In the thick of a massive redesign and brand overhaul across all printed and electronic media, USA TODAY brought on our team to help them build a new realtime election mapping platform. Our work culminated in a responsively designed web application that powered a full screen dashboard, a smart phone and tablet view, and eight different embeddable views used throughout election night on the USATODAY.com homepage and several topic and article pages. Here’s how we built it.The maps
Our first decision was around how to render the maps in a way that would maximize reliability while reducing time to update. We considered a few options for this:
We chose D3.js to handle SVG map generation. D3 provides a simple interface for building SVGs, as well as native support for map projections and transitions. Since it doesn’t get bogged down with supporting legacy browsers without SVG support, we switched over to R2D3 for versions of Internet Explorer less than IE9.
D3’s projection support includes Mercator and Albers, as well as an option to set your own. For national views we used an Albers projection, but for state-wide views we instead used the spherical Mercator projection in MapBox.js so we could overlay the maps on the MapBox terrain layer. This was relatively easy to do — depending on the map’s zoom level, we changed the projection function. We also used D3 to animate the reprojection process for a smooth transition effect.Geodata processing
Our maps required two inputs: geographic data for the shapes of and election results values for each political division. We used Census shape files for states and counties, and newly redistricted congressional districts from Azavea. The source shape files were several megabytes each, so we needed to simplify their geographic detail considerably to get them small enough to transfer over the internet load in the browser. Our target was no more than 300kb gzip compressed size per file.

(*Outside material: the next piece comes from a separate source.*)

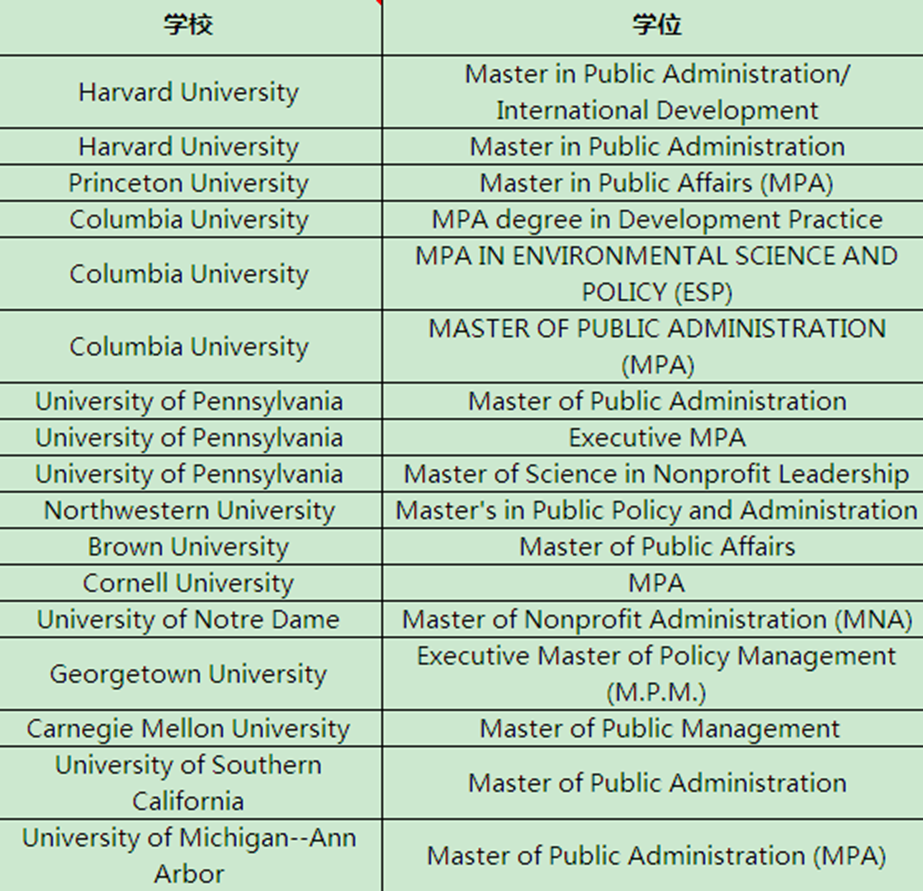 7. 美国top30MPA开设院校汇总

Nate processed the data with a whole suite of open source tools including QGIS, PostGIS, and GDAL OGR. The first challenge was to reduce geographic complexity and maintain adjacent boundaries — more technically known as preserving topology. Secondly, we needed to make sure the boundaries of features on different layers of data match — for example, when we layer state borders over congressional districts — which we solved by clipping congressional districts and counties to the boundary of each parent state.
Pretty quickly we realized that we could not depend on one simplification file to give us both the small file size and high resolution detail we wanted. So we produced a set of heavily simplified congressional districts to use along with D3’s included simplified counties and states. This data would be used for small maps, like the thumbnails for each race, the national House race map, and the national county-level maps. For zoomed views, like when you click on a state to see county level detail, we produced higher resolution files for each state of all of that state’s counties and congressional districts. The application then dynamically loads data as you navigate the map. When you load the initial view, you receive a few simplified files to draw low resolution thumbnails and a high resolution main map of states. When you click on a state, a high resolution file of counties for that state loads, providing better detail without needing to preload a lot of extra geographic data.
In the end, we essentially built an API for requesting geographic data at two simplification levels. To make it scale, we did not do the processing on the fly. Requesting geographic data from a live database is a completely unnecessary risk when the geographic data is not going to change. We rendered all of the data to flat geoJSON text files that we hosted will all of the applications other static files.The web application
As with the maps, we achieved high scalability and reliability by offloading as much as possible of the web application to the browser. There was no backend server application behind the web application. A single Backbone.js web application powered all of the embeds, full screen dashboard, and smart phone and tablet views.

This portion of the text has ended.